§ INFORMATION PROVIDED
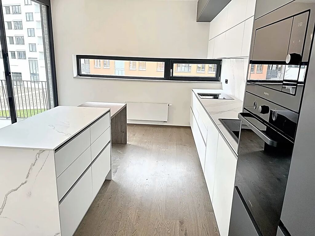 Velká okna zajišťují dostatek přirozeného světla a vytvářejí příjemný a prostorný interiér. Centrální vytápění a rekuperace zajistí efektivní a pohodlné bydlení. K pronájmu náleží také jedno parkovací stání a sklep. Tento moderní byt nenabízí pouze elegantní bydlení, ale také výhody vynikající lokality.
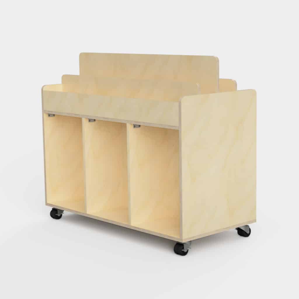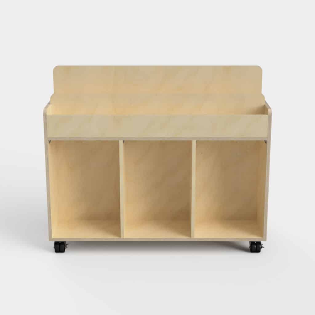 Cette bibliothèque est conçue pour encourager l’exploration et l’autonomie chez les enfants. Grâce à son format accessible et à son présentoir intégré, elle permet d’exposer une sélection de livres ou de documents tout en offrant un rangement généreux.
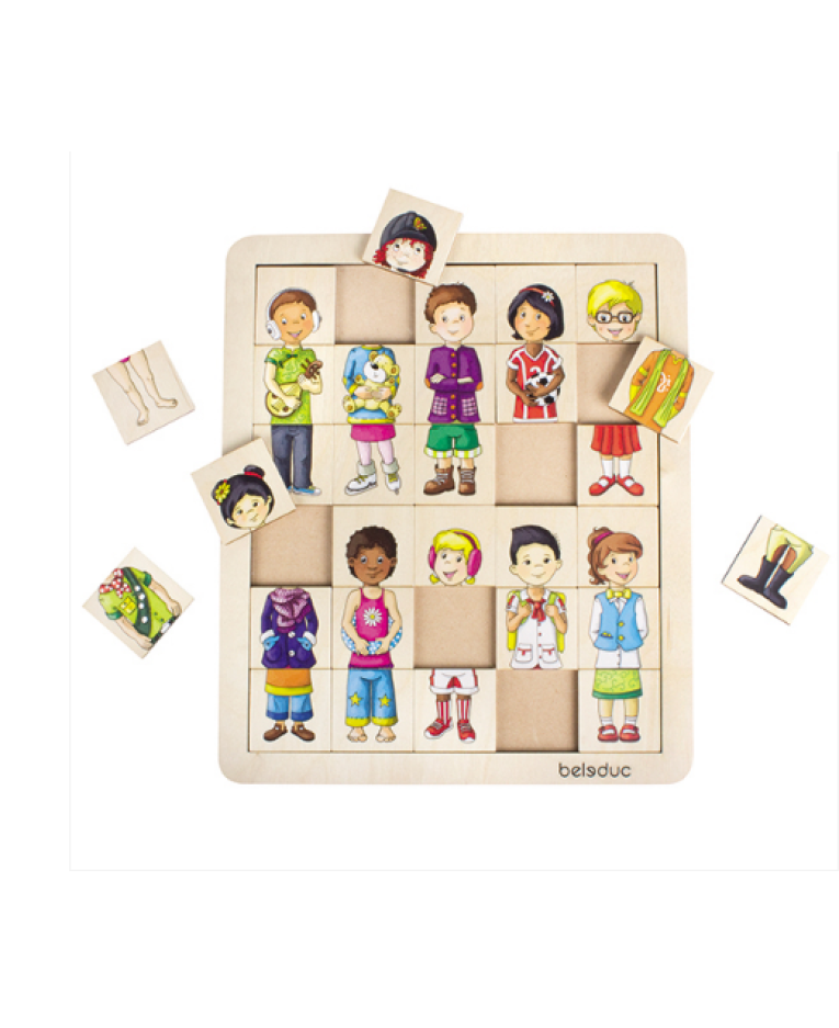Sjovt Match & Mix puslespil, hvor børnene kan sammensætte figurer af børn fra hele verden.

§ EXERCISE OBJECTIVE
Output all the data, exactly, without images.

§ OUTPUT
 Velká okna zajišťují dostatek přirozeného světla a vytvářejí příjemný a prostorný interiér. Centrální vytápění a rekuperace zajistí efektivní a pohodlné bydlení. K pronájmu náleží také jedno parkovací stání a sklep. Tento moderní byt nenabízí pouze elegantní bydlení, ale také výhody vynikající lokality.
 Cette bibliothèque est conçue pour encourager l’exploration et l’autonomie chez les enfants. Grâce à son format accessible et à son présentoir intégré, elle permet d’exposer une sélection de livres ou de documents tout en offrant un rangement généreux.
Sjovt Match & Mix puslespil, hvor børnene kan sammensætte figurer af børn fra hele verden.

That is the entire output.